Your task → Pictures must not appear; the answer is exactly the lines from the one that holds "Figure énigmatique de" through the end of the material.

Dataset extract →
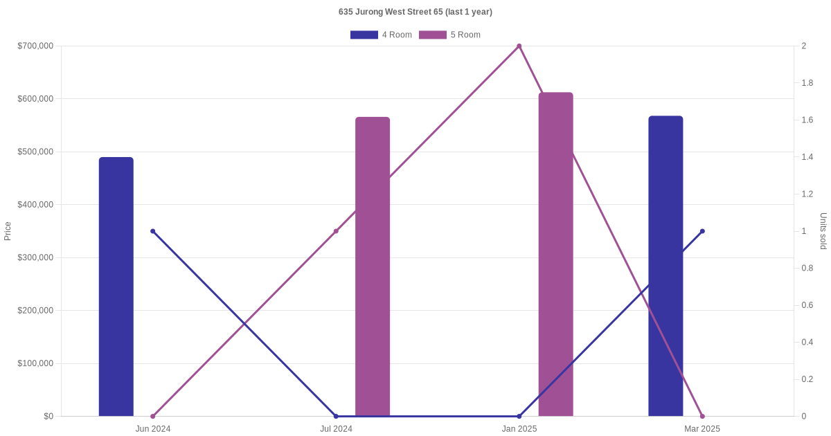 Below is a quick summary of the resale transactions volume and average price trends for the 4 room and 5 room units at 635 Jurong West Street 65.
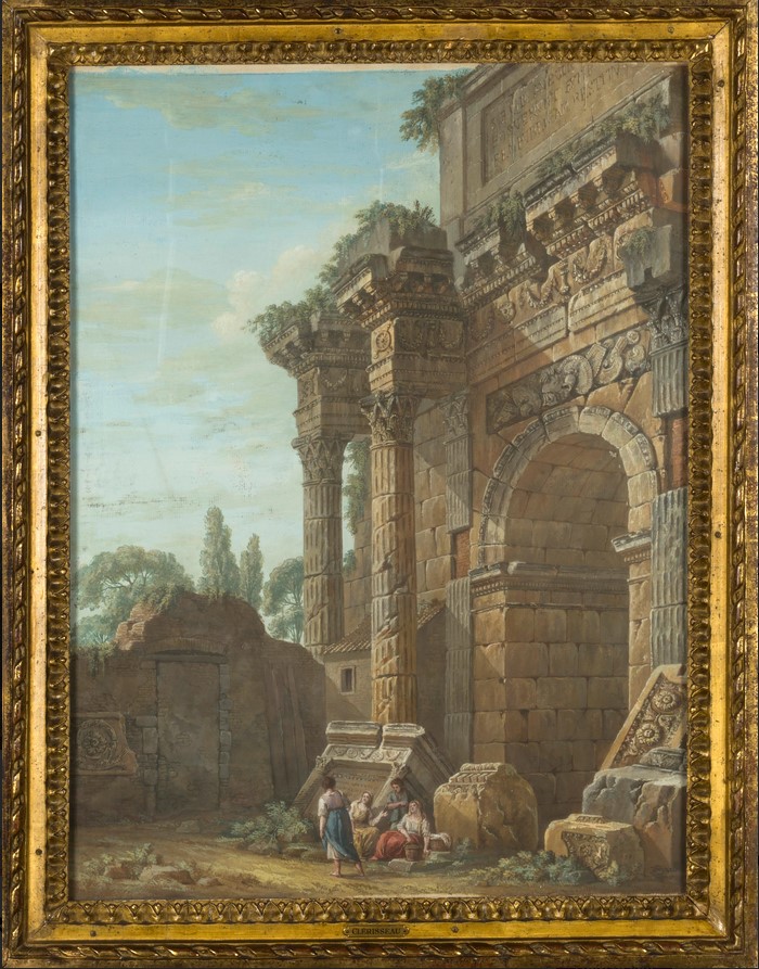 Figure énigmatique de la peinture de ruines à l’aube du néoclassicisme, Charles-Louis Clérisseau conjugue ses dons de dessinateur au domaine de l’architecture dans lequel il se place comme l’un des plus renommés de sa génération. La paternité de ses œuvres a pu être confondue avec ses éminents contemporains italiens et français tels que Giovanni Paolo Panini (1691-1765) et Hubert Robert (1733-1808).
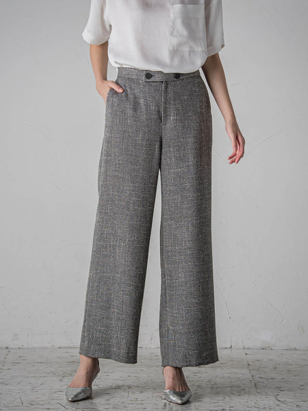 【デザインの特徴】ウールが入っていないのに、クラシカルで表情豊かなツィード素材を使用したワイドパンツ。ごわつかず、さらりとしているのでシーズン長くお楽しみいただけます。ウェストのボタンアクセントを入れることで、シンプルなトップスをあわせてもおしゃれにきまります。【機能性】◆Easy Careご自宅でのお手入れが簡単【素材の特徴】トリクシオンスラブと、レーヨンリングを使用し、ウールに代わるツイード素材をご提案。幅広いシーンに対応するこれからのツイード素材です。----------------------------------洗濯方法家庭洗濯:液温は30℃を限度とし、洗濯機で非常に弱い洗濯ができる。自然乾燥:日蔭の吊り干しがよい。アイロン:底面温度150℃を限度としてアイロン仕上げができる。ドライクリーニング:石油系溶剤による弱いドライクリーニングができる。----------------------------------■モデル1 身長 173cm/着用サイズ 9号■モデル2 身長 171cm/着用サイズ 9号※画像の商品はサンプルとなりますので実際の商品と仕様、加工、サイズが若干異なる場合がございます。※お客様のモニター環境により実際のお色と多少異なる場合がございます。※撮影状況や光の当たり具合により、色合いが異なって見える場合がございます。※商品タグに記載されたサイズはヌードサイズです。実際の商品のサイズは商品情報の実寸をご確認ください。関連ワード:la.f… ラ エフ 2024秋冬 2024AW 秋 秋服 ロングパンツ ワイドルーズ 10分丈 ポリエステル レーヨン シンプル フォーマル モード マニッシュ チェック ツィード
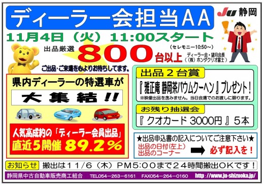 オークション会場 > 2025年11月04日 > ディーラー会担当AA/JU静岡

Exercise answer →
 Figure énigmatique de la peinture de ruines à l’aube du néoclassicisme, Charles-Louis Clérisseau conjugue ses dons de dessinateur au domaine de l’architecture dans lequel il se place comme l’un des plus renommés de sa génération. La paternité de ses œuvres a pu être confondue avec ses éminents contemporains italiens et français tels que Giovanni Paolo Panini (1691-1765) et Hubert Robert (1733-1808).
 【デザインの特徴】ウールが入っていないのに、クラシカルで表情豊かなツィード素材を使用したワイドパンツ。ごわつかず、さらりとしているのでシーズン長くお楽しみいただけます。ウェストのボタンアクセントを入れることで、シンプルなトップスをあわせてもおしゃれにきまります。【機能性】◆Easy Careご自宅でのお手入れが簡単【素材の特徴】トリクシオンスラブと、レーヨンリングを使用し、ウールに代わるツイード素材をご提案。幅広いシーンに対応するこれからのツイード素材です。----------------------------------洗濯方法家庭洗濯:液温は30℃を限度とし、洗濯機で非常に弱い洗濯ができる。自然乾燥:日蔭の吊り干しがよい。アイロン:底面温度150℃を限度としてアイロン仕上げができる。ドライクリーニング:石油系溶剤による弱いドライクリーニングができる。----------------------------------■モデル1 身長 173cm/着用サイズ 9号■モデル2 身長 171cm/着用サイズ 9号※画像の商品はサンプルとなりますので実際の商品と仕様、加工、サイズが若干異なる場合がございます。※お客様のモニター環境により実際のお色と多少異なる場合がございます。※撮影状況や光の当たり具合により、色合いが異なって見える場合がございます。※商品タグに記載されたサイズはヌードサイズです。実際の商品のサイズは商品情報の実寸をご確認ください。関連ワード:la.f… ラ エフ 2024秋冬 2024AW 秋 秋服 ロングパンツ ワイドルーズ 10分丈 ポリエステル レーヨン シンプル フォーマル モード マニッシュ チェック ツィード
 オークション会場 > 2025年11月04日 > ディーラー会担当AA/JU静岡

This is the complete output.